I personally prefer to package my code, and copy the *.whl package to DBFS, where I can install the tested package and import it.
Edit: To be more explicit.
The notebook used in production can't be modified without breaking the production. When I want to develop an update, I duplicate the notebook, change the source code until I'm satisfied, then I replace the production notebook with my new notebook.
This can be solved by either having separate environments DEV/TST/PRD. Or having versioned packages that can be modified in isolation. I'll clarify later on.
My browser is not an IDE! I can't easily go to a function definition. I have lots of notebooks, if I want to modify or even just see the documentation of a function, I need to switch to the notebook where this function is defined.
Is there a way to do efficient and systematic testing ?
Yes, using the versioned packages method I mentioned in combination with databricks-connect, you are totally able to use your IDE, implement tests, have proper git integration.
Git integration is very simple, but this is not my main concern.
Built-in git integration is actually very poor when working in bigger teams. You can't develop in the same notebook simultaneously, as there's a flat and linear accumulation of changes that are shared with your colleagues. Besides that, you have to link and unlink repositories that are prone to human error, causing your notebooks to be synchronized in the wrong folders, causing runs to break because notebooks can't be imported. I advise you to also use my packaging solution.

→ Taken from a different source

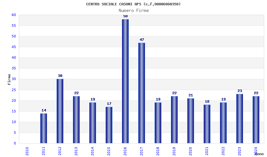 Anno Firme Importi Media Naz. Reg. Prov. Comu.
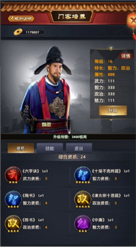 5、门客技能升级后,在关卡挑战中的效果会显著增强;因此提升技能也是培养的关键环节。

The packaging solution works as follows Reference:
- List item
- On your desktop, install pyspark
- Download some anonymized data to work with
- Develop your code with small bits of data, writing unit tests
- When ready to test on big data, uninstall pyspark, install databricks-connect
- When performance and integration is sufficient, push code to your remote repo
- Create a build pipeline that runs automated tests, and builds the versioned package
- Create a release pipeline that copies the versioned package to DBFS
- In a "runner notebook" accept "process_date" and "data folder/filepath" as arguments, and import modules from your versioned package
- Pass the arguments to your module to run your tested code